==> Regarding lkcd doesn't make a dump for this case; Brian Hall
<brianw.hall@xxxxxxxxxx> adds:
[snip]
brianw.hall> case. Mission Critical Linux claimed they were going to fix
brianw.hall> this same type of problem in a future version of their crash
brianw.hall> patch. As of now they are about three weeks overdue on that.
Well, we were able to generate a dump for your test case.
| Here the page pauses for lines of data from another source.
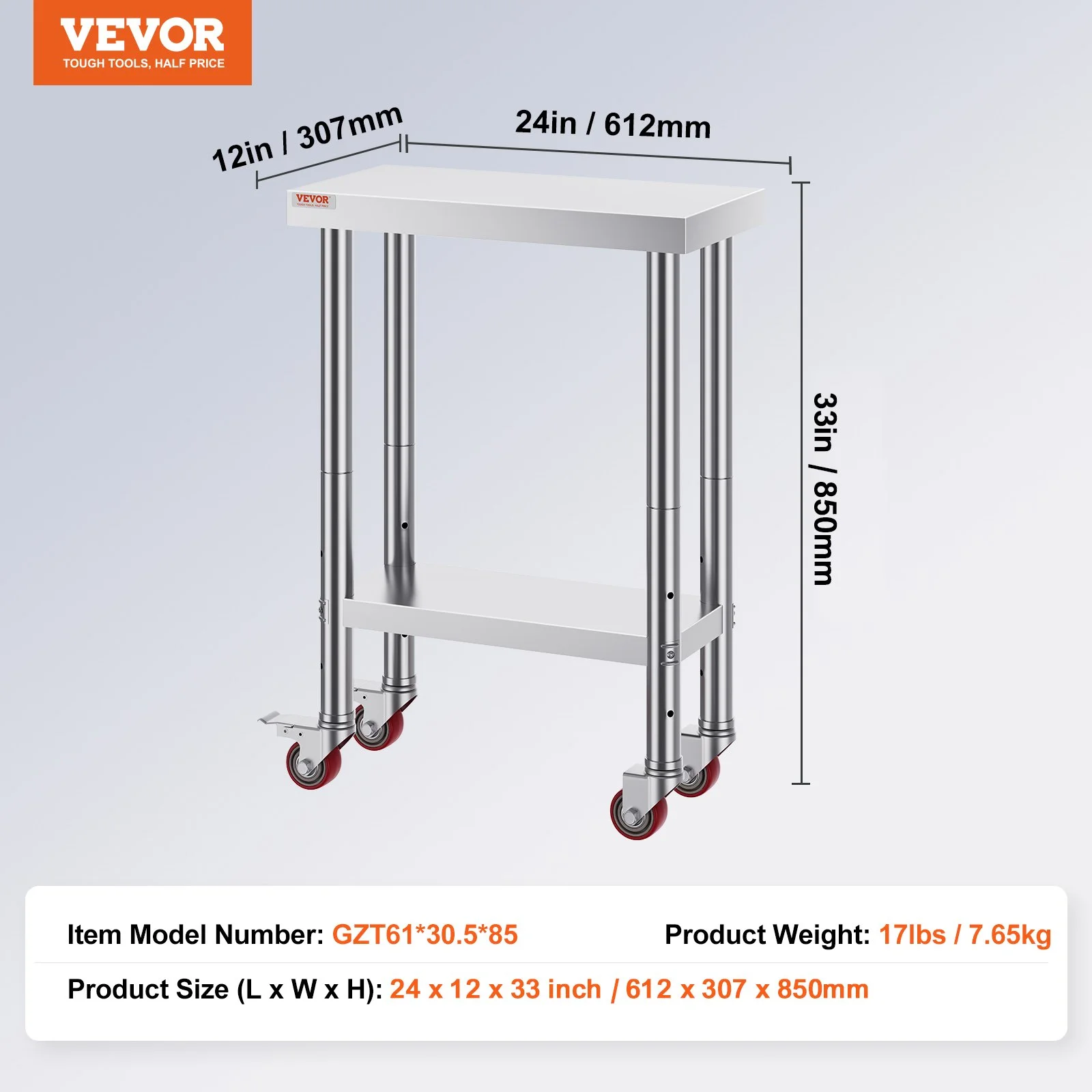 This work table, measuring 12 x 24 x 34 inch, is made from SUS201 stainless steel for the tabletop, shelves, and legs. It offers superior rust resistance, a sleek appearance, and a smooth surface that is easy to clean with a simple wipe. NSF certified, it meets strict public health standards, ensuring long-lasting protection for your health.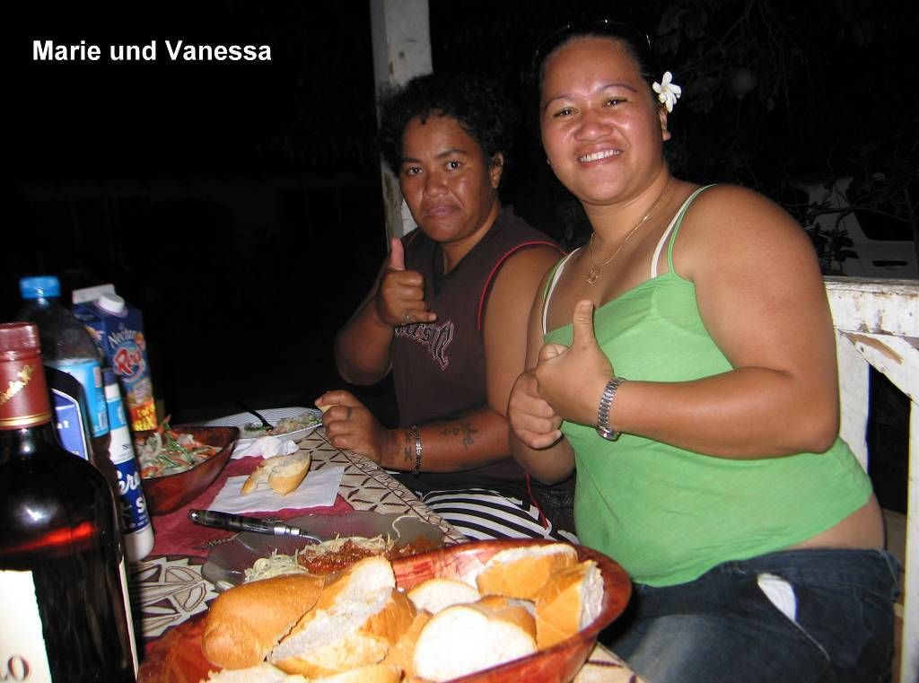 Als wir einmal rundum sind, nach ca. einer Stunde, zeigt uns Vanessa wo sie wohnt, in der Nähe des Bora Bora Yacht Clubs, und lädt uns kurzentschlossen zum Abendessen zu sich nach Hause ein. Wir sind platt! Jetzt lässt sie uns im Zentrum von Vaitape aussteigen. Wir kaufen schnell ein Baguette und trinken dann im „Aloe Café“ etwas. Doris und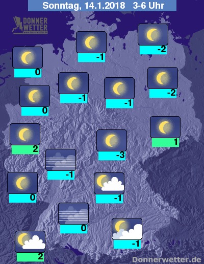 In der Nacht zum Sonntag funkeln über Deutschland verbreitet die Sterne und es ziehen meist nur wenige oder garkeine Wolken durch. Hier und da kann sich Nebel oder Hochnebel bilden. Die Temperatur sinkt auf 2 Grad im Rheinland und bis -3 Grad im Thüringer Becken.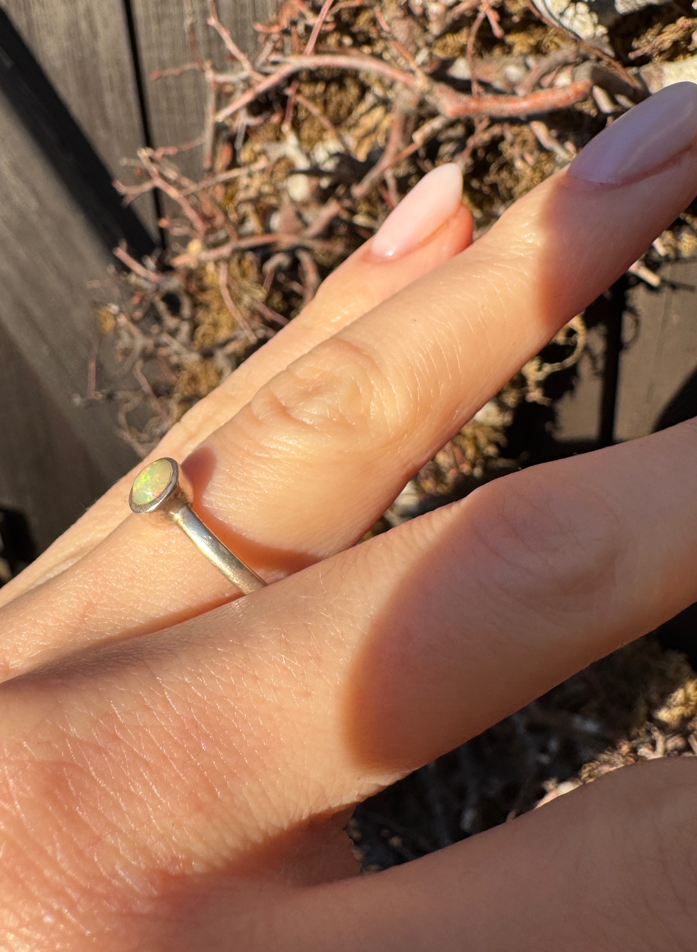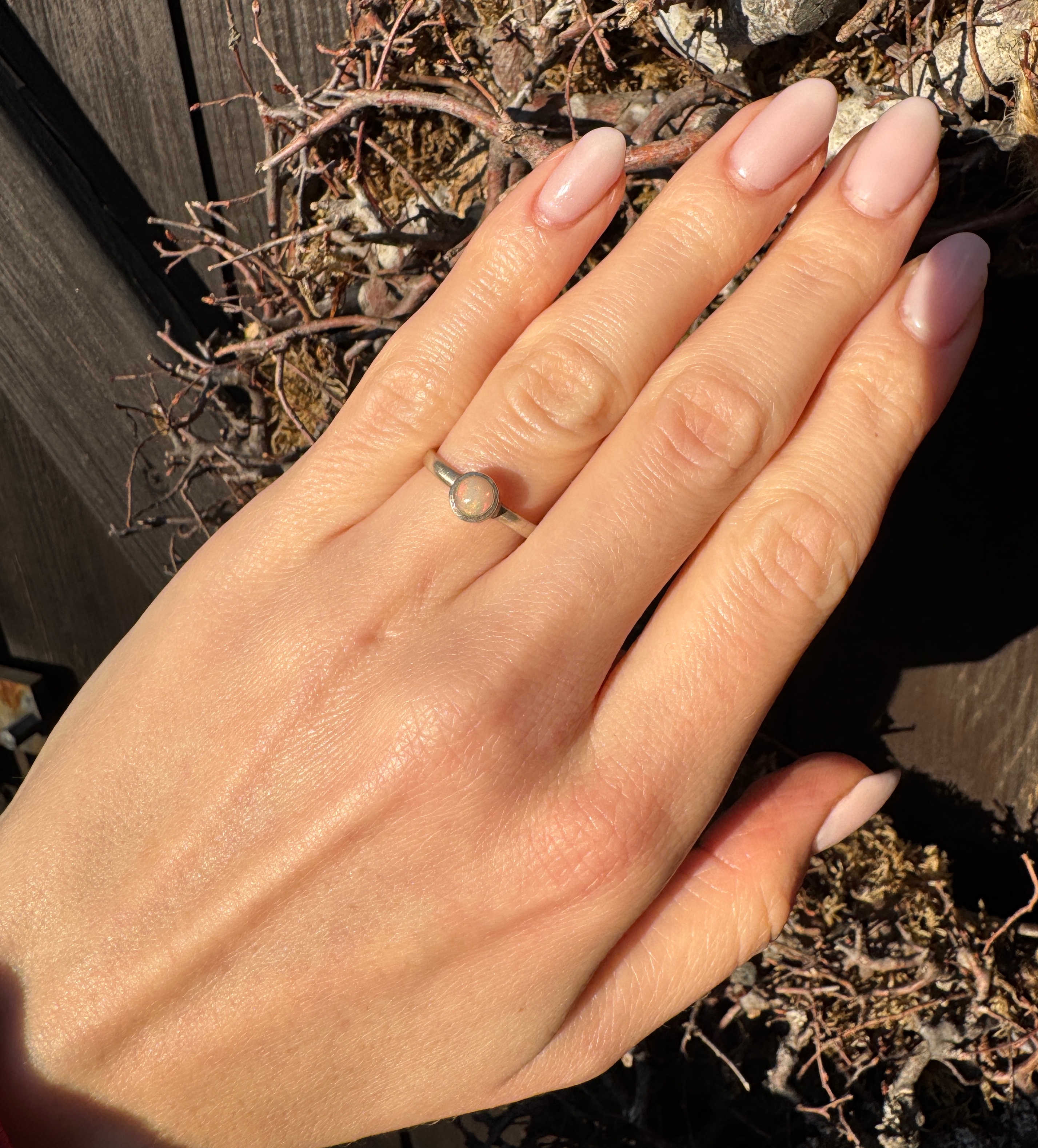 Ręcznie wykonany pierścionek z opalem naturalnym  w srebrze pr.925

Unfortunately, the stack trace was none too interesting. The
killing interrupt handler part of your oops means that either
the local_bh_count is non-zero, the local_irq_count is
non-zero, or both. With our dump, we were at least able to
determine which of these was true:
crash> p local_bh_count
local_bh_count[1] = {
00000001
};
crash> p local_irq_count
local_irq_count[1] = {
00000000
};
As you know from the posting to the kernel list, the function
start_bh_atomic was called, without the corresponding
end_bh_atomic. This increments (in the UP kernel) the
local_irq_count, causing our problem. The next time we enter
schedule, this count is non-zero, so the check for
in_interrupt() returns 1, and we get our scheduling in
interrupt problem.
I hope this is useful to you in some way. As Dave mentioned,
once we come up with a method for preserving memory on
reboots that works with all BIOS's, we will make the code
available.
Regards,
Jeff Moyer
Mission Critical Linux
http://www.missioncriticallinux.com
|